§ What the task asks:
Nothing but the lines from the first line of the records through the line with "裾が前後差のある後ろロング丈" should be output, exactly as written and free of pictures.

Recorded data:
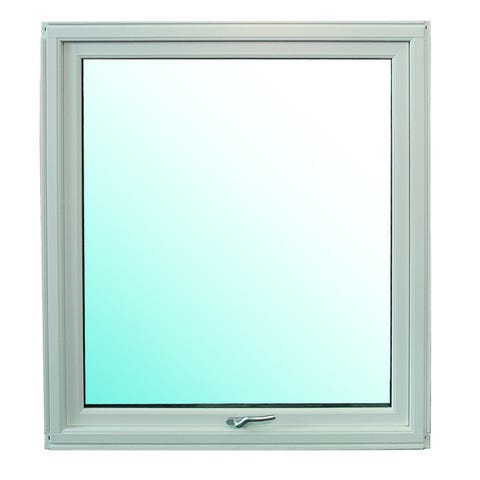 Hvit toppsving vindu med glassfelt og ramme i hvit utførelse. Vinduet er hengslet i overkant og kan åpnes utover Toppsving,
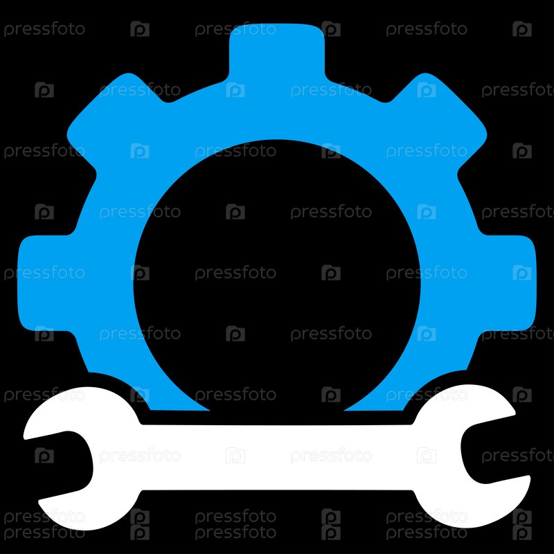 Инструменты для обслуживания растровых значок. Стиль является биколор плоский символ, синий и белый цвета, закругленные углы, черный фон
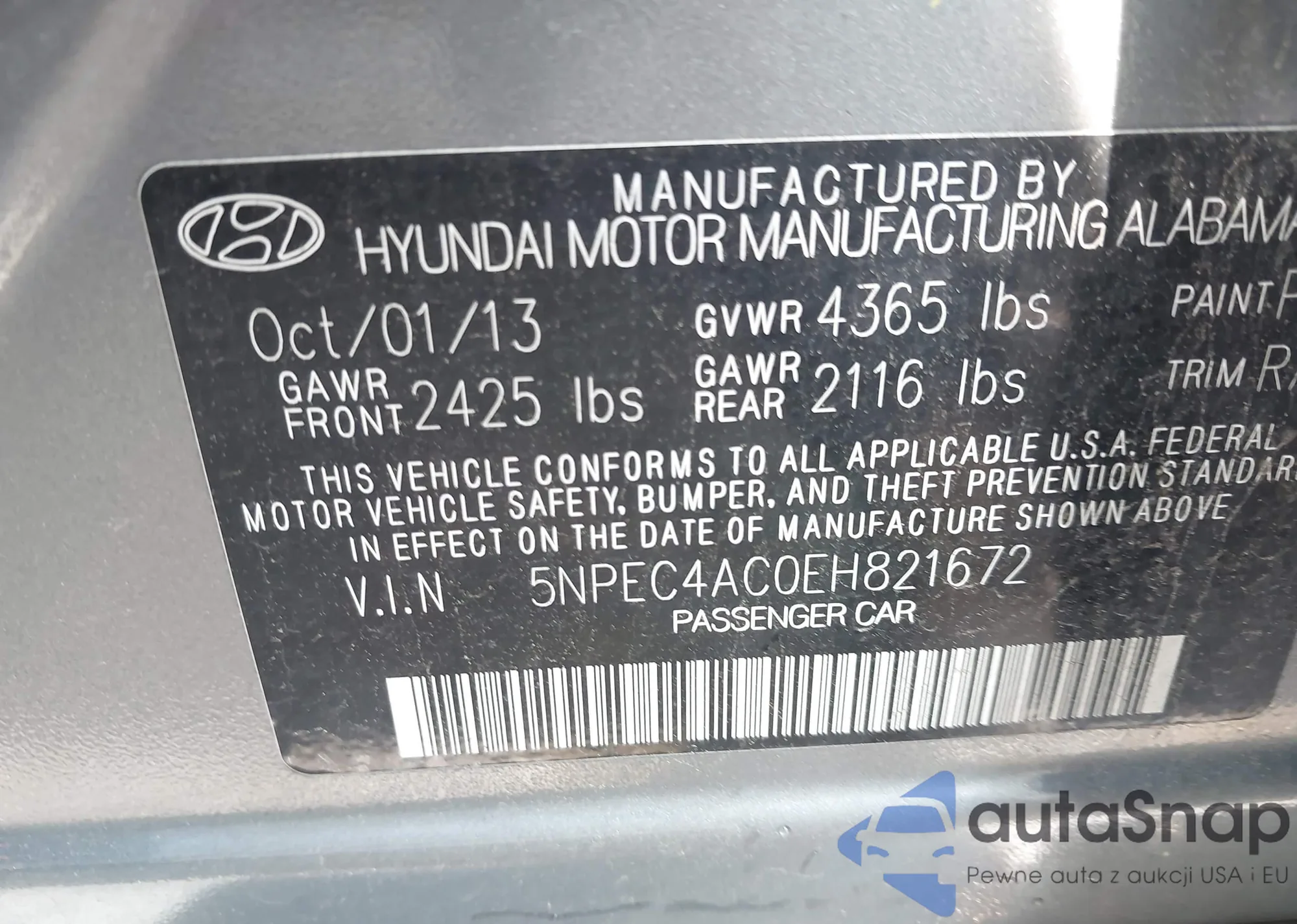 VIN: 5NPEC4AC0EH821672
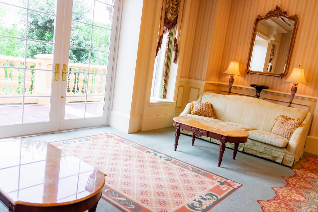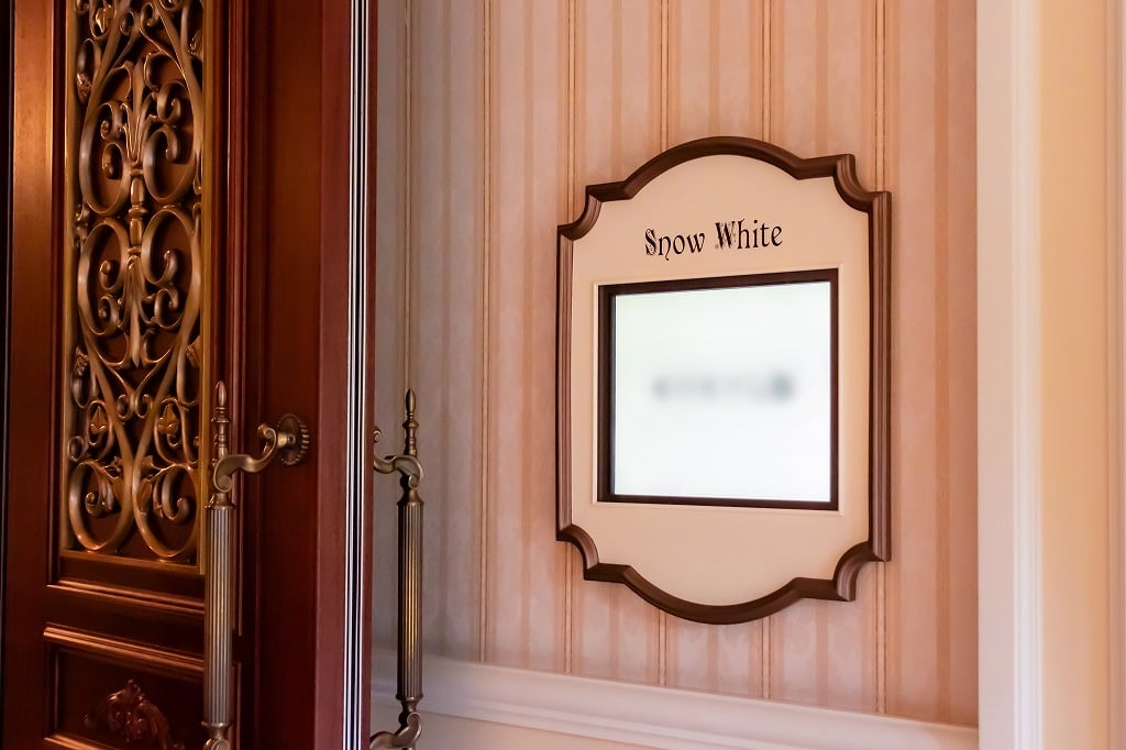 スノーホワイトは一番手前のお部屋です。この廊下も美しいー・・!廊下と呼んでいいのか戸惑うほど豪華な景色。
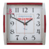 Đồng hồ treo tường in logo hình vuông màu trắng có viền đồng hồ, mặt số và vạch màu đen nổi bật, mặt bên trong màu trắng dễ dàng dùng kỹ thuật in offset nhiều màu thể hiện rõ nét logo và tên doanh nghiệp in trực tiếp trên mặt đồng hồ. Ngoài ra khách hàng còn có nhiều lựa chọn khác về mẫu mã và màu sắc phù hợp với mục đích tặng quà.
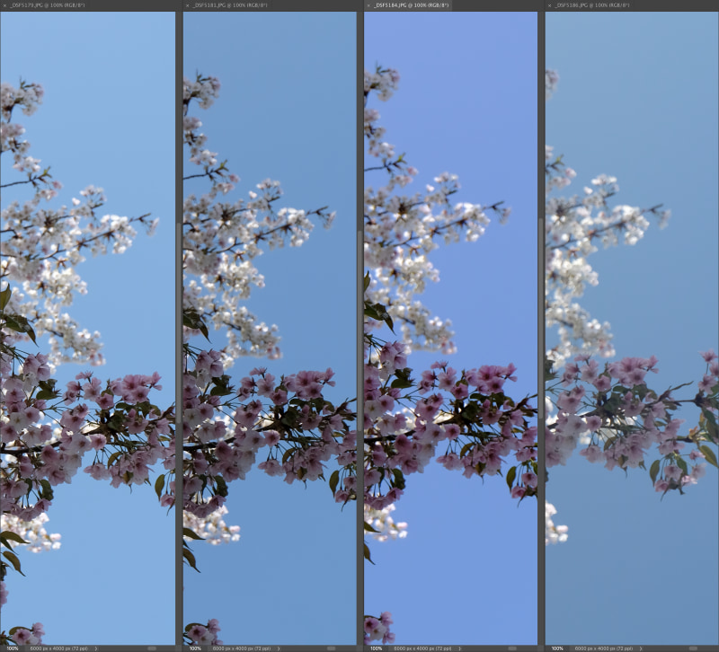 最後に桜の背景に欠かせない、空を青くする方法について検証してみました。1番カンタンなのはカメラのピクチャーモードをビビッドなどの鮮やか系にすることです。空だけでなく桜の花の色も鮮やかになります。カメラが自動的に補正してくれるので、何もしなくていい反面、補正が効きすぎてわざとらしい発色になる恐れもあります。
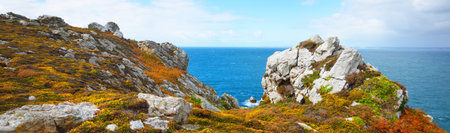 Rocky coast of France over the Atlantic Ocean, sea landscape. Pen hir in France.
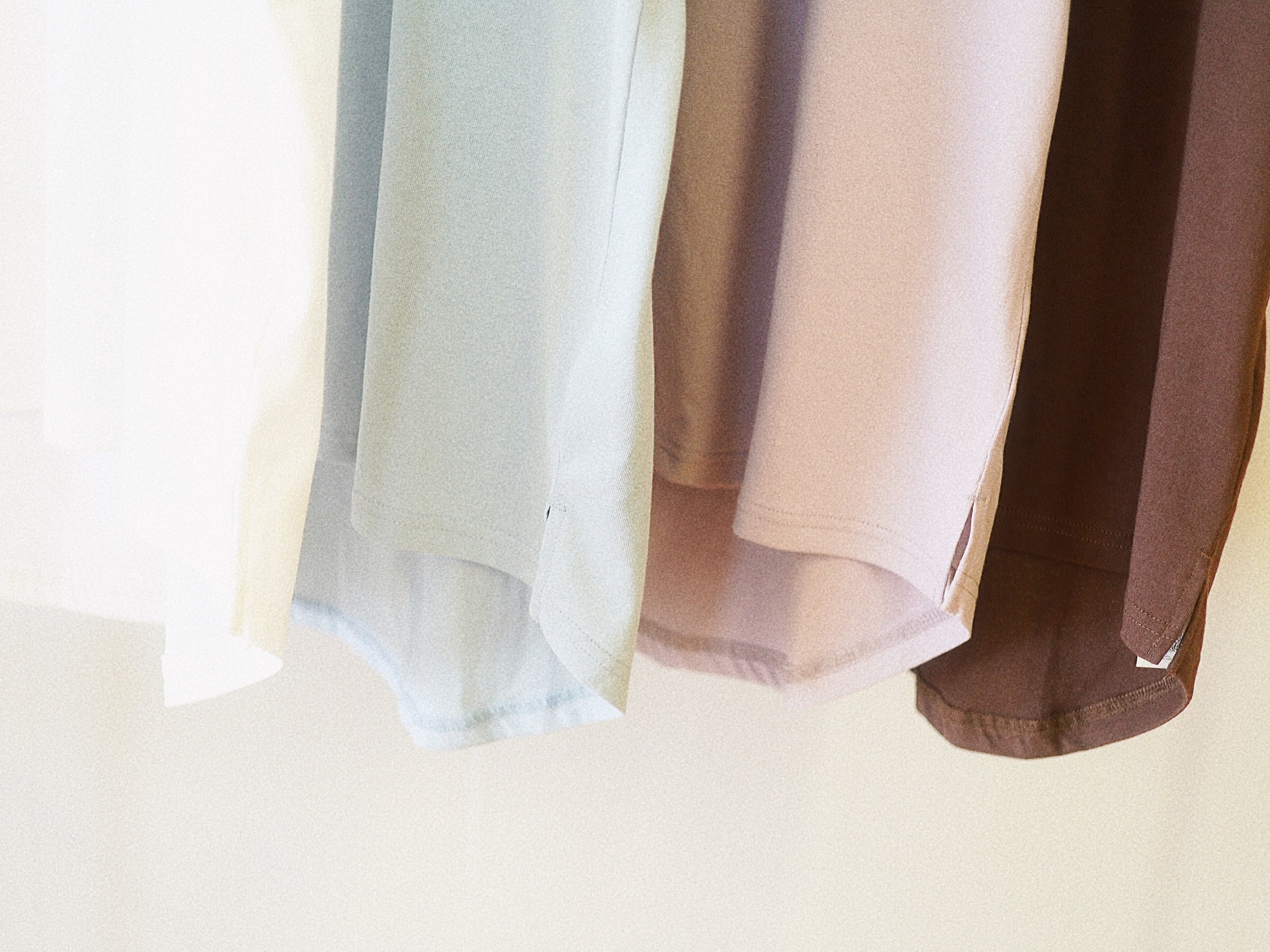 裾が前後差のある後ろロング丈のラウンドシルエットなので、Tシャツを出して着てもバランス良く着こなせます。
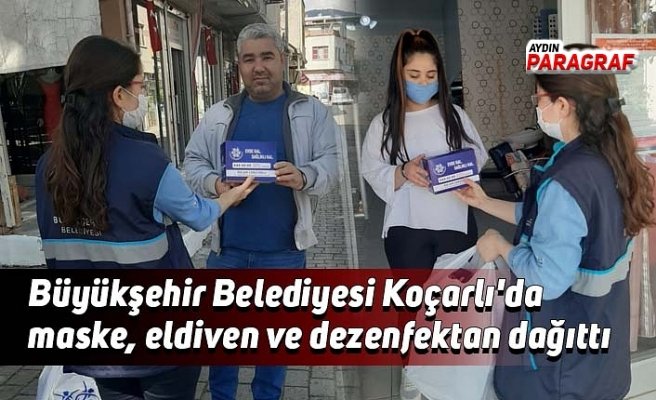 Aydın Büyükşehir Belediyesi, koronavirüs salgınına karşı aldığı tedbirleri durmaksızın sürdürüyor. Aydın’ın 17 ilçesinde maske, eldiven ve dezenfektan dağıtımına devam eden Büyükşehir Belediyesi, kepenklerini açan Koçarlı esnafını da unutmadı.
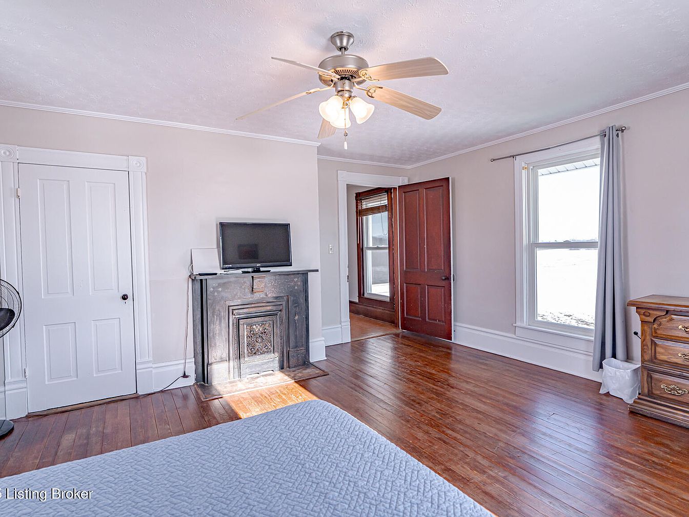 A spacious bedroom features warm, polished hardwood floors and soft beige walls with crisp white trim. A classic ceiling fan with light fixture hangs from a textured white ceiling, providing both illumination and comfort. One wall has a decorative black fireplace, topped with a small flat-screen TV. The doors vary in color: one is a bright white paneled door, while another is a rich wooden hue, adding contrast. Large windows let in abundant natural light, framed by simple gray curtains. A wooden nightstand with ornate detailing sits next to the window, highlighting the room’s blend of traditional and functional aesthetics.
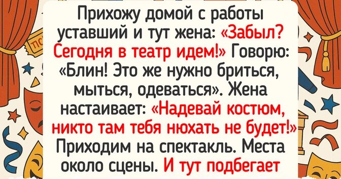 Прихожу с работы выжатый, как лимон. Жена: «Забыл? Сегодня театр!» Я: «Блин, надо бриться, одеваться...» Она: «Надевай костюм, никто тебя нюхать не будет!» Приходим. Места у сцены. И тут выбегает собака — один из актёров. Подбегает ко мне и начинает… тщательно обнюхивать. Я смотрю на жену. Она смеётся. Я молча думаю: «Она была права. Меня действительно никто не будет нюхать. Только одна собака».
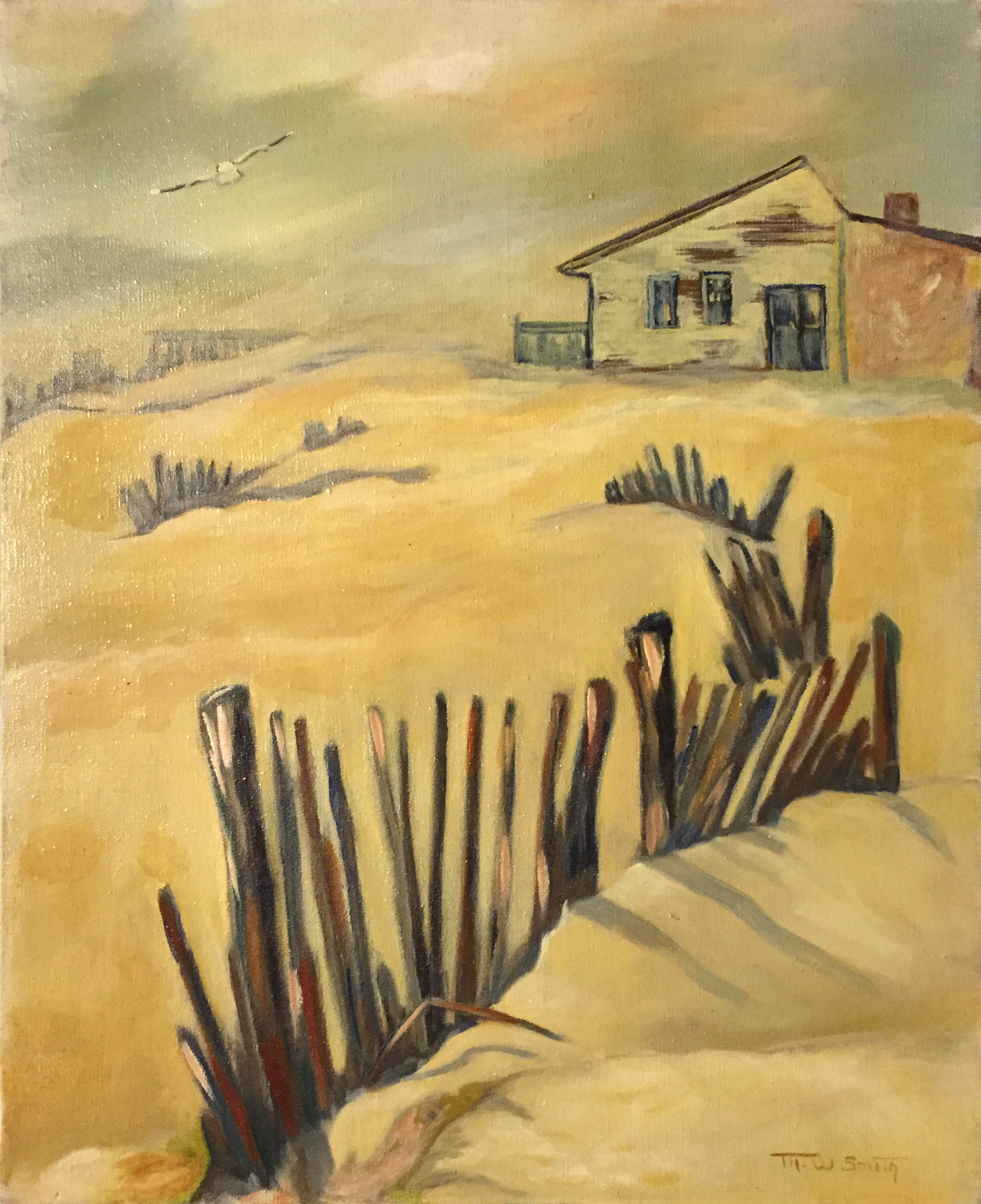 Description by J.K. Flynn: Imagery in this beautiful beach scene depicts a wispy, cloudy sky over small rolling dunes with a meandering wooden fence line making its way to the top of the hill. An asymmetrical beach bungalow sits atop the dunes to the right. The scene overlaps docks and pilings in the background with a lone seagull flying aloft to the left of this composition.

§ Answer to the problem:
 Hvit toppsving vindu med glassfelt og ramme i hvit utførelse. Vinduet er hengslet i overkant og kan åpnes utover Toppsving,
 Инструменты для обслуживания растровых значок. Стиль является биколор плоский символ, синий и белый цвета, закругленные углы, черный фон
 VIN: 5NPEC4AC0EH821672
 スノーホワイトは一番手前のお部屋です。この廊下も美しいー・・!廊下と呼んでいいのか戸惑うほど豪華な景色。
 Đồng hồ treo tường in logo hình vuông màu trắng có viền đồng hồ, mặt số và vạch màu đen nổi bật, mặt bên trong màu trắng dễ dàng dùng kỹ thuật in offset nhiều màu thể hiện rõ nét logo và tên doanh nghiệp in trực tiếp trên mặt đồng hồ. Ngoài ra khách hàng còn có nhiều lựa chọn khác về mẫu mã và màu sắc phù hợp với mục đích tặng quà.
 最後に桜の背景に欠かせない、空を青くする方法について検証してみました。1番カンタンなのはカメラのピクチャーモードをビビッドなどの鮮やか系にすることです。空だけでなく桜の花の色も鮮やかになります。カメラが自動的に補正してくれるので、何もしなくていい反面、補正が効きすぎてわざとらしい発色になる恐れもあります。
 Rocky coast of France over the Atlantic Ocean, sea landscape. Pen hir in France.
 裾が前後差のある後ろロング丈のラウンドシルエットなので、Tシャツを出して着てもバランス良く着こなせます。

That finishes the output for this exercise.